In the 2016 Week 2 matchup against the Jacksonville Jaguars, Woodhead suffered a torn ACL and was placed on injured reserve, ending his season.

===Baltimore Ravens===
On March 9, 2017, Woodhead signed a three-year contract with the Baltimore Ravens. In Week 1, Woodhead suffered a hamstring injury on the Ravens' opening drive and was initially ruled out for 4–6 weeks. On September 14, 2017, Woodhead was placed on injured reserve, causing him to miss at least eight weeks. He was activated off injured reserve to the active roster on November 18, 2017.

On March 13, 2018, Woodhead was released by the Ravens.
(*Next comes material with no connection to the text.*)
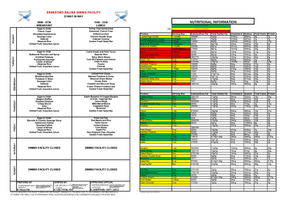 22May - 28May Base Honolulu Galley Menu Update

Later that week, on March 17, Woodhead announced his retirement after 10 seasons in the league.

===NFL career statistics===

| Season | Team | Games |  | Rushing |  |  |  |  | Receiving |  |  |  |  | Fumbles |  |
| GP | GS | Att | Yds | Avg | Lng | TD | Rec | Yds | Avg | Lng | TD | Fum | Lost |
| 2009 | NYJ | 10 | 0 | 15 | 64 | 4.3 | 16 | 0 | 8 | 87 | 10.9 | 24 | 0 | 0 | 0 |
| 2010 | NYJ | 1 | 0 | 0 | 0 | 0.0 | 0 | 0 | 0 | 0 | 0.0 | 0 | 0 | 0 | 0 |
| NE | 14 | 3 | 97 | 547 | 5.6 | 36 | 5 | 34 | 379 | 11.1 | 50 | 1 | 1 | 1 |
| 2011 | NE | 15 | 4 | 77 | 351 | 4.6 | 12 | 1 | 18 | 157 | 8.7 | 16 | 0 | 0 | 0 |
| 2012 | NE | 16 | 2 | 76 | 301 | 4.0 | 19 | 4 | 40 | 446 | 11.2 | 25 | 3 | 1 | 0 |
| 2013 | SD | 16 | 2 | 106 | 429 | 4.0 | 14 | 2 | 76 | 605 | 8.0 | 39 | 6 | 2 | 2 |
| 2014 | SD | 3 | 0 | 15 | 38 | 2.5 | 13 | 0 | 5 | 34 | 6.8 | 14 | 0 | 0 | 0 |
| 2015 | SD | 16 | 2 | 98 | 336 | 3.4 | 27 | 3 | 80 | 755 | 9.4 | 61 | 6 | 0 | 0 |
| 2016 | SD | 2 | 1 | 19 | 116 | 6.1 | 23 | 0 | 6 | 35 | 5.8 | 12 | 1 | 0 | 0 |
| 2017 | BAL | 8 | 0 | 14 | 56 | 4.0 | 10 | 0 | 33 | 200 | 6.1 | 22 | 0 | 0 | 0 |
| Career |  | 101 | 14 | 517 | 2,238 | 4.3 | 36 | 15 | 300 | 2,698 | 9.0 | 61 | 17 | 4 | 3 |

==Golf career==
At the end of his NFL career, Woodhead, a scratch golfer in high school who picked it up again in college, and especially while in San Diego, was able to qualify for the 2021 U.S. Amateur Four-Ball tournament at Chambers Bay, a major championship venue.

In 2022, Woodhead reached the Final Qualifying Round of the U.S. Open. Woodhead missed in the round by being +10.

Later, he qualified for the Nebraska Amateur Championship as medalist (low score in stroke play), and his swing coach noted the goal is a Masters Tournament qualification through winning the U.S. Mid-Amateur Golf Championship.

==Personal life==
Woodhead was homeschooled until the ninth grade. Like him, both of his parents attended Chadron State and his father, Mark, played wide receiver for the Chadron State Eagles in the late 1970s.

Woodhead and his wife, Stacia, began dating when they were freshmen in high school. Together they have four children: Sis, William, Mae Mae and Hopie.

Woodhead hosts a weekly podcast with fellow NFL Veteran Matt Slauson. Woodhead and Slauson talk about their NFL careers, life in retirement, tell stories, and give advice.